Mixing music writing and politics is a tricky, all-or-nothing proposition. When done well, it can be stimulating and enlightening. When done badly, points are muddled, writing loses its flair, and articles take on the appearance of critical quickie meals (see the "What does it say about us as a society?" angle--an all-purpose space/byline generator for some two decades now). That's why I've generally left musicpolitik to the experts (Jeff Chang, holla). But after listening to the new album by Musiq, Soulstar, I can't help but feel that neo-soul artists have picked up a thing or two from the Democratic Party.

The Dems have long been criticized for taking the black vote for granted. "Outreach" goes no further than a few church appearances and a town-hall speech laced with "legacy of slavery" and "white-skin privilege"-type buzz phrases (prominent African-American Best Friend/Endorser/Drum Interpreter optional).

Millennial soulsters generally don't take their audience for granted (see MeShell, Joi, Bilal, Angie Stone, Omar, Glenn Lewis, et al.). But since said audience has often tuned out most of current urban pop music and now stumps from an "Anyone but Chingy" platform, they're funking beyond the call of duty.

In other words, they don't have to. Just drop in a few old-school references, approximate analog environments whenever possible, and the disillusioned music fans--urban and beyond--will line up for a touch of love. The same retro strategy propelled "New Country" in the '90s, a fact that, in itself, is cause for more than a bit of concern.

Musiq's claim to fame is, for lack of a better word, vibe. His tracks approximate the feel of middle-of-the-road urban-targeted ads: Every shorty is a dreaded dime piece with a bookstore gig. Every man is an introspective hip-hop Hamlet with reams of blank verse on life on the block and how he first fell in love with hip-hop. Every pair of baggies is creased immaculately, everyone makes beats on the steps of their brownstone, and it's always 11:30 a.m. Yes, Tamia, we can all hear you now.

Musiq, with an ear more attuned to chordal embellishment and textural coloration than melody, is the penultimate interpreter of this art-buppie Oz. His sonic palette consists of various shades of Whitfield, Wonder, and Ayers. His limited, almost casual vocals are more suited for serenading baby over fish tea than red-light emotions (anger, jealousy, undergarment-melting sexual desire). On Soulstar, the Philly resident tests the limits of his laid-back zeitgeist and comes up with about as good a general anesthetic as the FDA will allow you to buy.

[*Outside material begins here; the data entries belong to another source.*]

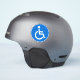 Round stickers featuring the classic disabled symbol, a man in a wheelchair on a blue background.
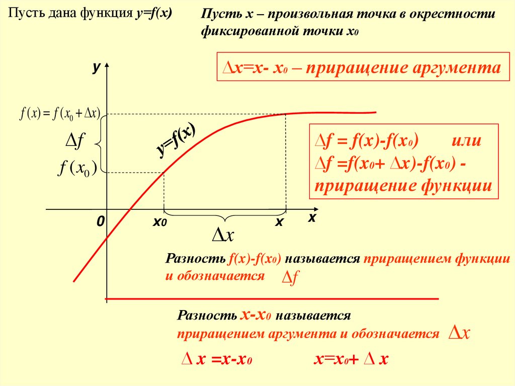 Разность f(x)-f(x0) называется приращением функции
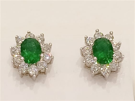 ELEGANTI ORECCHINI A LOBO IN ARGENTO E ZIRCONI, PIETRA CENTRALE ZIRCONE COLOR VERDE E CONTORNO COLOR BIANCO TUTTO INCASSATO A GRIFFE.
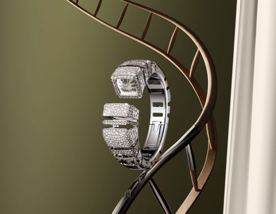这件作品独特的造型,凝聚着卡地亚精湛的制表与珠宝工艺。作品以开口手镯为灵感,构建丰盈饱满的新颖结构,镂空设计与镜面抛光结合呈现舒展的线条以及分明的棱角。开口处一侧为精美的表盘,一侧为镜面设计,隔空相对,时间仿佛在镜中逆向流转,散发无尽张力。表镜如宝石般采用斜切处理,展现此款创作既细致又精准的双重个性。

How else to describe a song that begins, "Have you ever a day when nothing goes your way"? Or, in the case of "Givemorelove/Leaveamessage," "children need something with more substance and more meaning," an Up With People inanity that leads into a rumination on his answering machine? Sophomore year dorm-room scribbles? Contemplation without insight, rhetorical questions passed off as serious musings, all carried home by an almost numbingly monochromatic voice (think Keith without the Sweat) that in extended doses could drive Bill O'Reilly to claim ownership of the grassy-knoll bullet? All of the above, thanks.

Musiq is most comfortable playing the sensitive-shy Walter Mitty type on songs that are often addressed to an absent lover or other object of infatuation. But three albums in, the role is starting to wear. On "Forthenight" he takes a bite from Prince's flower child-playa notebook ("If I Was Your Girlfriend," "Let's Pretend We're Married"), and he touches on so many relationship clichés on "Babymother" that you want to slap him before his girl does.

These aren't serious demerits--if the success of commercial hip-hop has proved anything, it's that sounds matter more than words. Musiq's songs, laced here with sparkling keyboards, cudgeling beats, and TSOP-ish strings, are capable of rising on even the slightest hint of a hook or theme. "Womanopoly"'s rags to riches tale is worn as hell, but the coherent theme catalyzes a tune that would sound unfulfilled without it.

What a shame then, that he has failed to provide so many of his tunes with even the barest hint of direction. Especially when a slight effort would have made Soulstar a worthwhile treat for the legions of Clear Channel malcontents. Hey, even captive audiences deserve a little respect--ya heard, Kerry?